#### [Assignment]
With the pictures removed, the data below must be transcribed in full and exactly.

***** Data excerpt

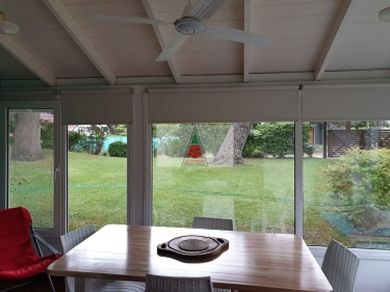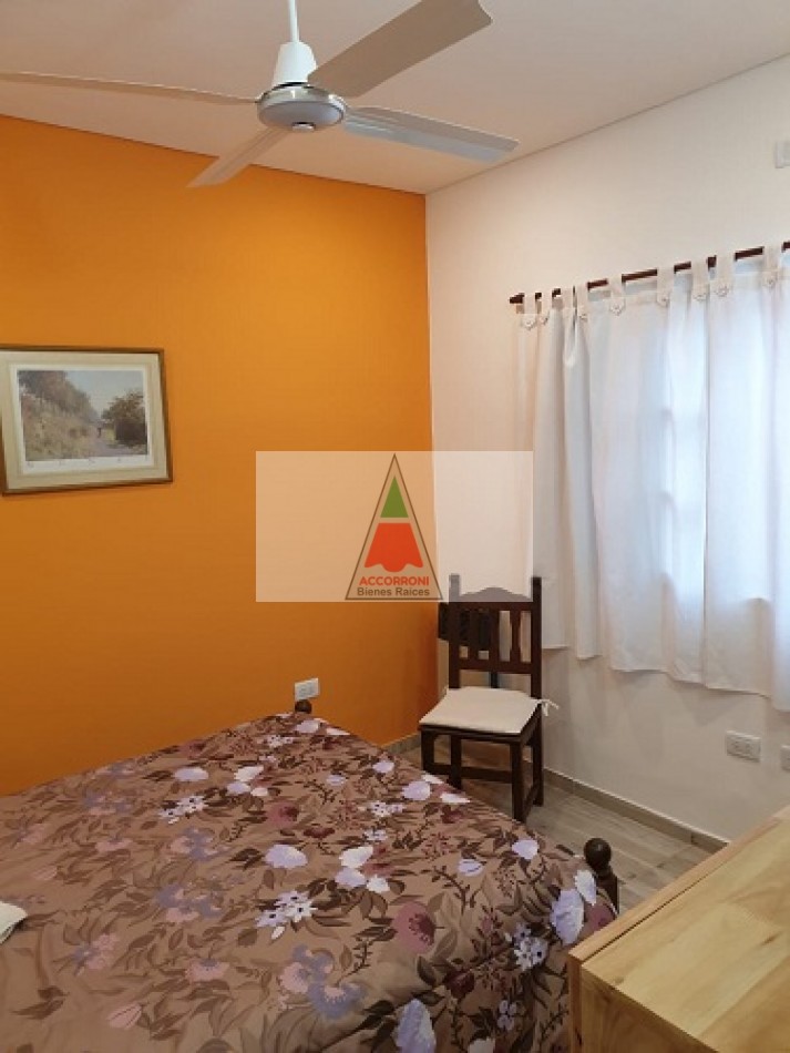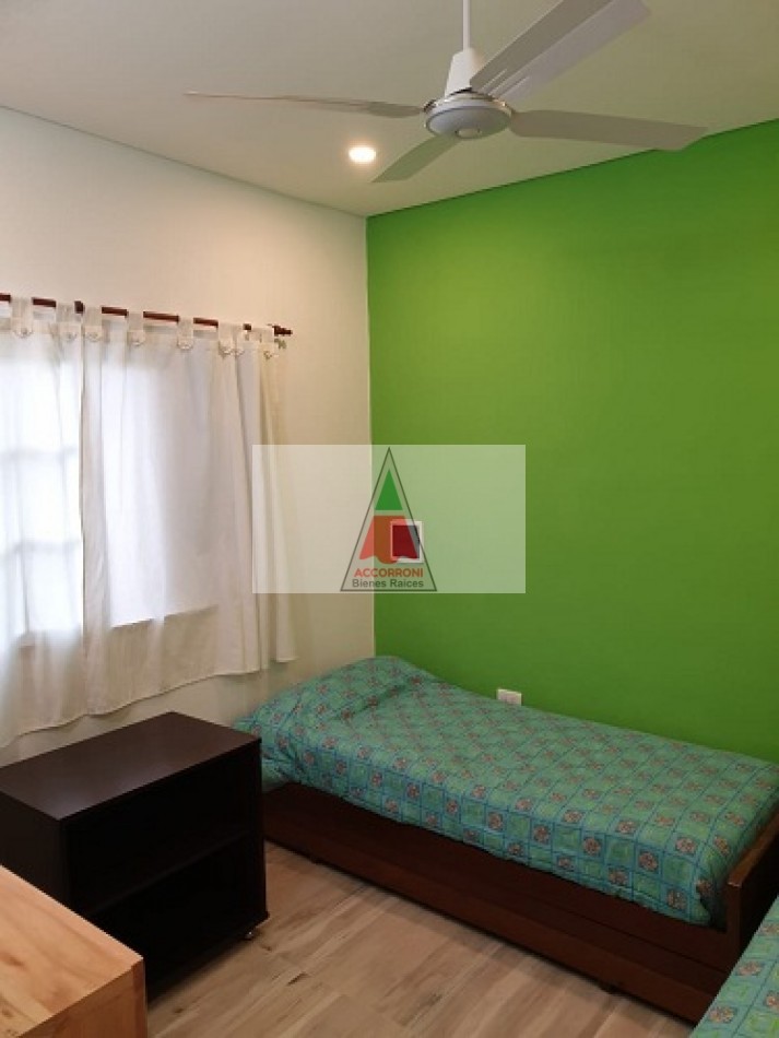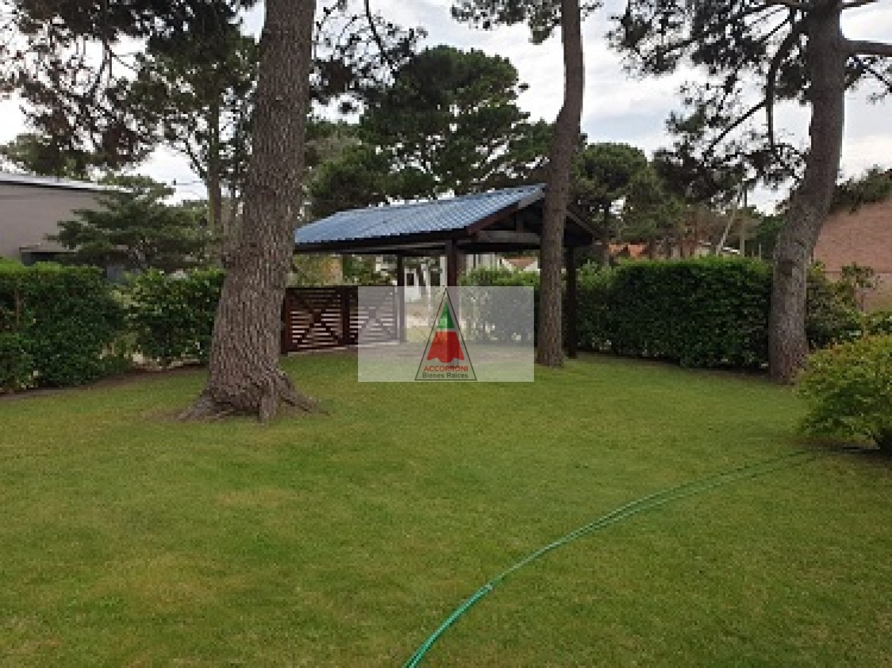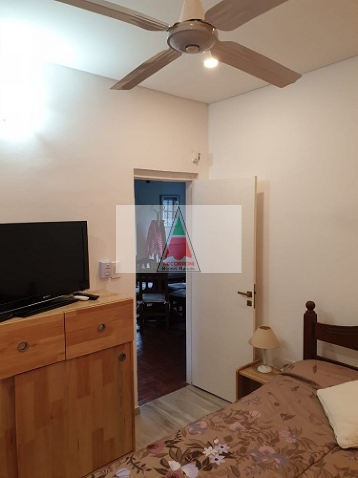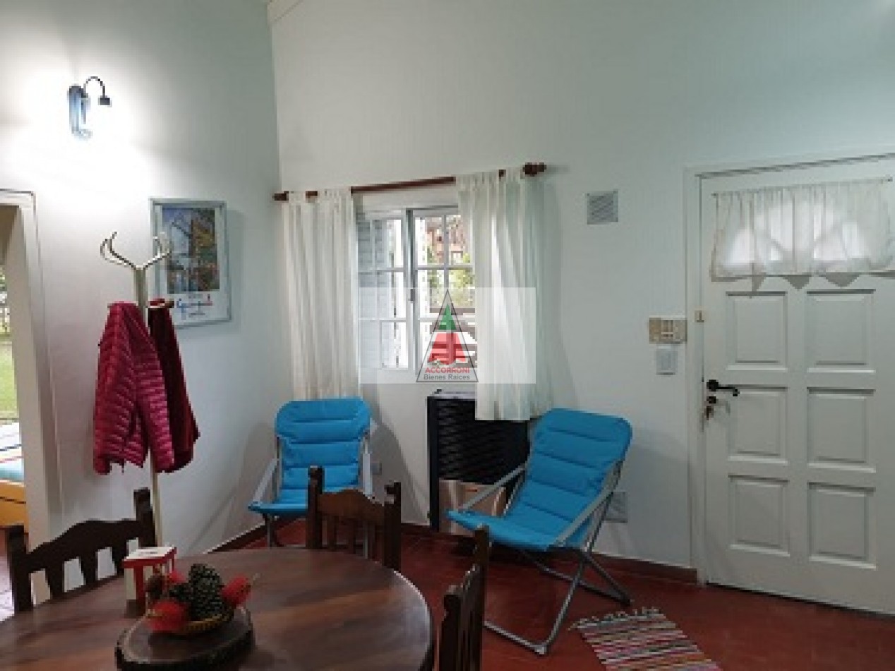 Excelente chalet en estratégica zona a 2 cuadras del mar y 7 del centro de Valeria del Mar. Cuenta con un amplio parque con estacionamiento mas quincho (Ambos semi-cubiertos). Al ingresar encontramos un amplio comedor con cocina integrada, amplio living con sofá cama y tv, dos baños completos, dormitorio con dos camas simples y dormitorio matrimonial. Aire acondicionado en dormitorio matrimonial y living, lavarropas, servicio de wifi, alarma y tv por DirecTv.
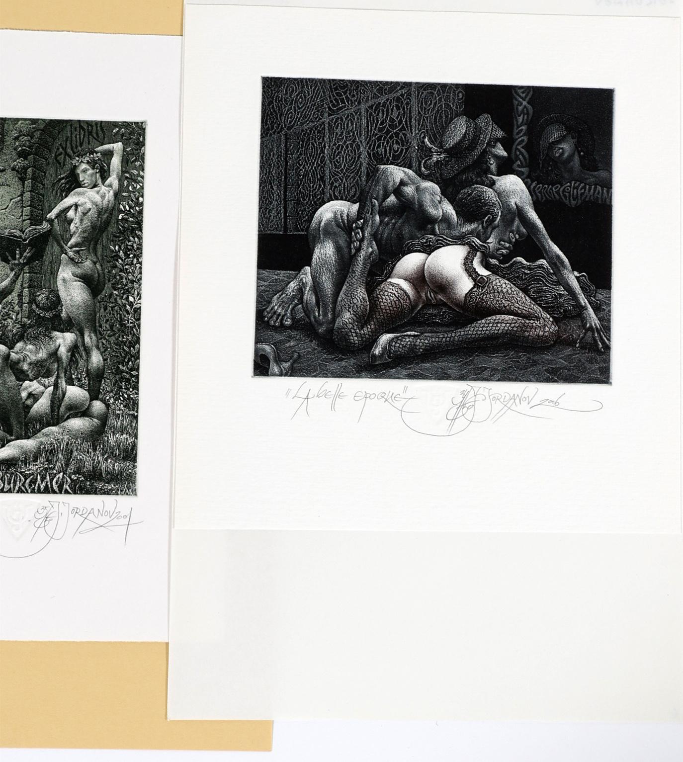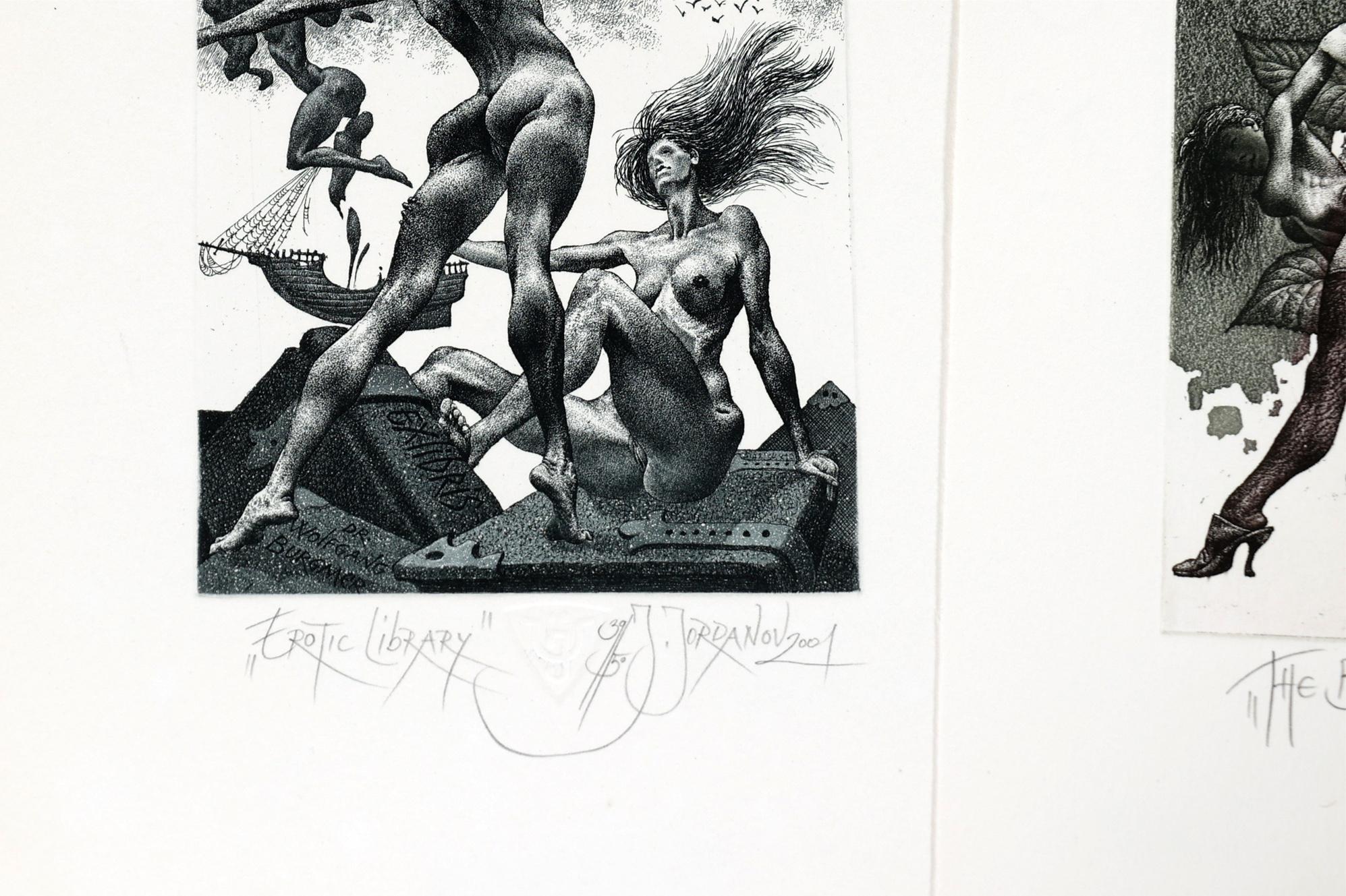 Jordanov, J., 6 exlibris, C3C5, thema: naakt / erotiek. Alle gesigneerd, opgeplakt / gewest. Voor Burgmer, Rosen, Golifman, Viaene, Van den Briele
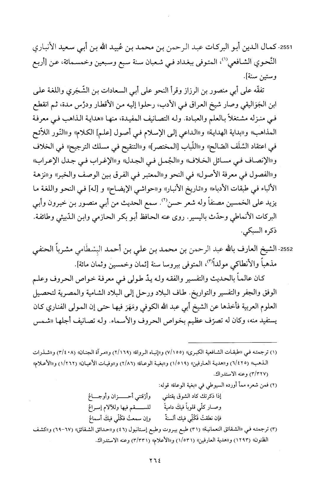2551 - كمال الدين أبو البركات عبد الرحمن بن محمد بن عُبيد الله بن أبي سعيد الأنباري النَّحوي الشافعي (¬1)، المتوفى ببغداد في شعبان سنة سبع وسبعين وخمسمائة، عن [أربع وستين سنة].

**********

#### [Result below]
 Excelente chalet en estratégica zona a 2 cuadras del mar y 7 del centro de Valeria del Mar. Cuenta con un amplio parque con estacionamiento mas quincho (Ambos semi-cubiertos). Al ingresar encontramos un amplio comedor con cocina integrada, amplio living con sofá cama y tv, dos baños completos, dormitorio con dos camas simples y dormitorio matrimonial. Aire acondicionado en dormitorio matrimonial y living, lavarropas, servicio de wifi, alarma y tv por DirecTv.
 Jordanov, J., 6 exlibris, C3C5, thema: naakt / erotiek. Alle gesigneerd, opgeplakt / gewest. Voor Burgmer, Rosen, Golifman, Viaene, Van den Briele
2551 - كمال الدين أبو البركات عبد الرحمن بن محمد بن عُبيد الله بن أبي سعيد الأنباري النَّحوي الشافعي (¬1)، المتوفى ببغداد في شعبان سنة سبع وسبعين وخمسمائة، عن [أربع وستين سنة].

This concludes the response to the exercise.